Location
- 1758 Ford Pkwy St. Paul, MN 55116
- Coordinates: 44°55′04″N 93°10′29″W﻿ / ﻿44.9177°N 93.1746°W

Information
- Other name: Chabad Lubavitch Jewish Educational Center
- School type: Chabad-Lubavitch
- Founded: 1977
- Founders: Rabbi Moshe and Mindelle Feller
- Director: Rabbi Shlomo Bendet
- Director of Development: Rabbi Yossi Bendet
- Grades: Preschool - 8th
- Gender: Co-ed
- Enrollment: 43 (2021)
- Student to teacher ratio: 4:1
- Affiliation: Merkos L'Inyonei Chinuch
- Gan Preschool: Preschool
- Website: https://www.cljec.com/}

= Lubavitch Cheder Day School =

Lubavitch Cheder Day School Chabad Lubavitch Jewish Educational Center is a Kindergarten through 8th grade Chabad Jewish day school with an attached 16 months through 5 year old preschool in Saint Paul, Minnesota United States.
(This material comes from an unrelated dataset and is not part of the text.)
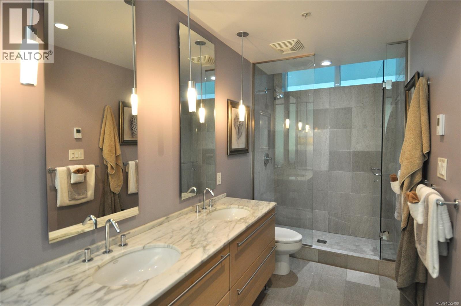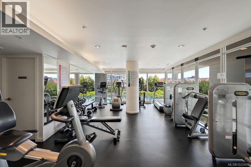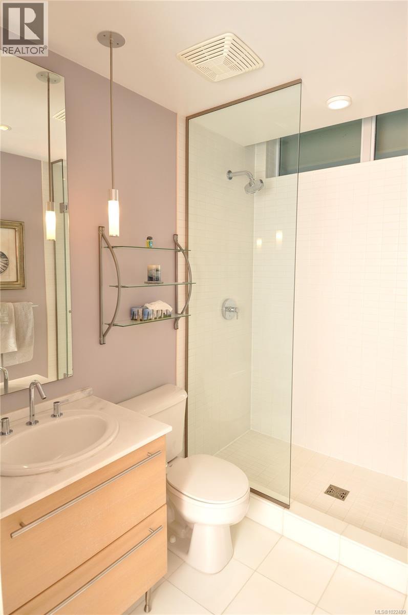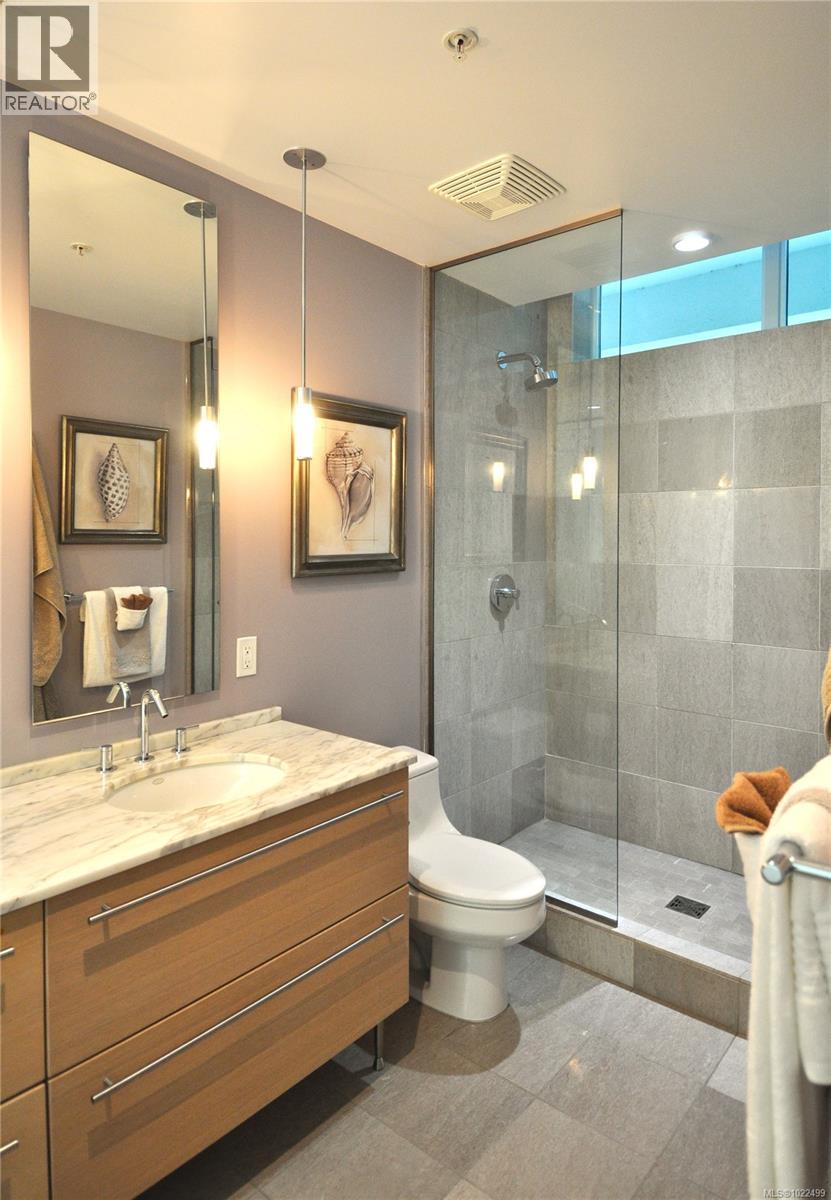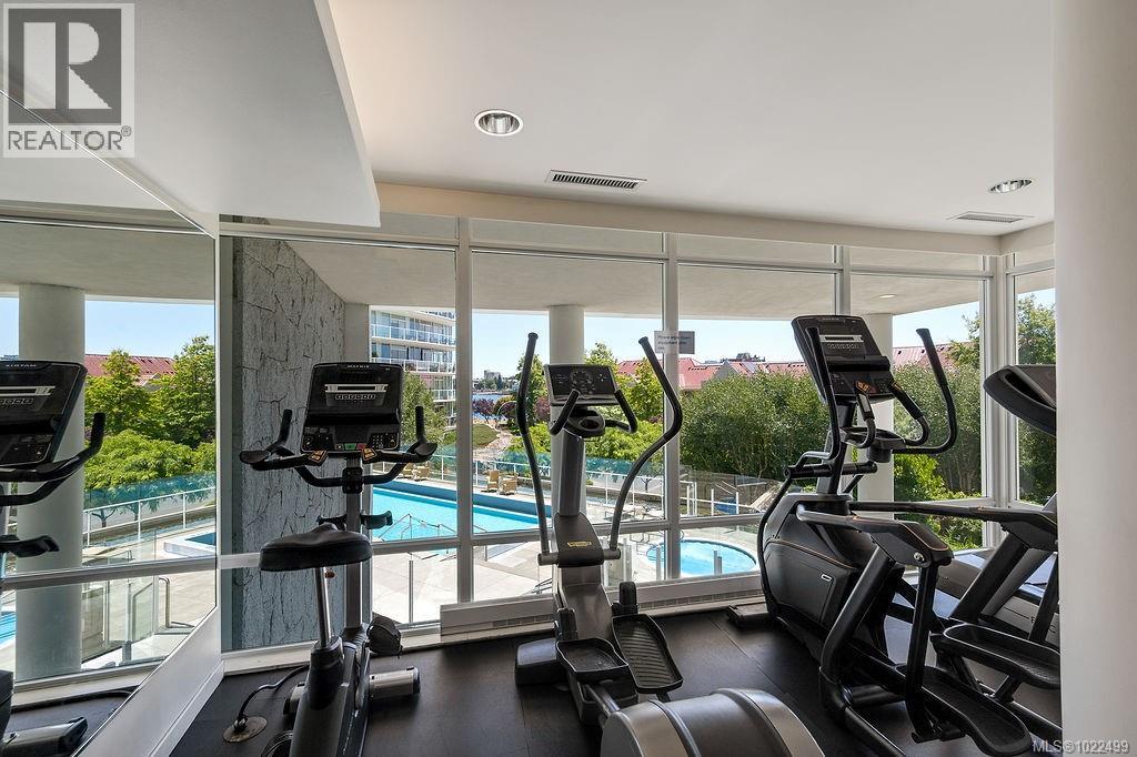 BEST of the SONGHEES - Discover Shutters Residences - A prestigious address in Victoria's Inner-Harbour. Premier 3-acre architecturally unique property enhanced by tranquil water gardens and resort-styled amenities: Heated outdoor seasonal lap pool, 2 hot tubs, steam room, sauna & fitness centre available year-round. This exquisite 3rd floor 2 bedroom suite with seasonal Middle-Harbour views comes with striking contemporary interior, 2 full bathrooms-both with transom windows for natural lights, 3 sets of sliding glass doors presenting floor to ceiling windows in living room & both bedrooms, bonus 3 sets of disappearing retractable phantom screens provide energy efficient crossed ventilation to improve air quality and thermal comfort as needed, engineered wood-floors thru-out living/dining, hallway and bedrooms including W-I closet, heated marble floor in spa-liked ensuite, high quality S.S. appliances with granite tops kitchen and 215 S/F entertainment sized balcony with serene views over water garden comes with power and natural gas hose bib for the BBQ and/or Fire Pit to add to the ambience. Come enjoy the beauty of Victoria's vibrant waterfront surrounded by sea-walks, just minutes stroll to downtown yet removed from hustle/bustle of the core. Cycle, kayak, walk - everything is moments from your door. Suite has been used very lightly past number of years - Shows BEAUTIFULLY and priced sensibly well under 2026 BCAA Assessment of $917,000 and available for quick possession! (30242722)

The school was founded in 1977 by shaliach couple Rabbi Moshe and Mindelle Feller, Mrs. Feller served as founding principal. The couple began the Upper Midwest Merkos-Lubavitch House in 1961. They used the basement of the Chabad house in the first years of the school before upgrading to a trailer and then the modern school building. A duplex was added on the property to house the day care and preschool, and a playground added between them. In the 2017–2018 school year, 100 children from ages 16 months through eighth grade attend the preschool and school.

Enrollment has been steadily dropping, and as of 2021, was made up of 43 students. Today Rabbi Shlomo Bendet serves as executive director, Rabbi Yossi Bendet as director of development. The school runs intergenerational programming at a local senior center. The school is Co-ed with mixed classes in the younger grades, and separated classes for the older grades. Uniforms are required. The school is a member of JEM Foundation as well as Tzivos Hashem.

The preschool and daycare, known as Gan Preschool has a maximum capacity of 37 children and license number 1112282 During the summer, the preschool runs a Junior Gan Izzy summer program.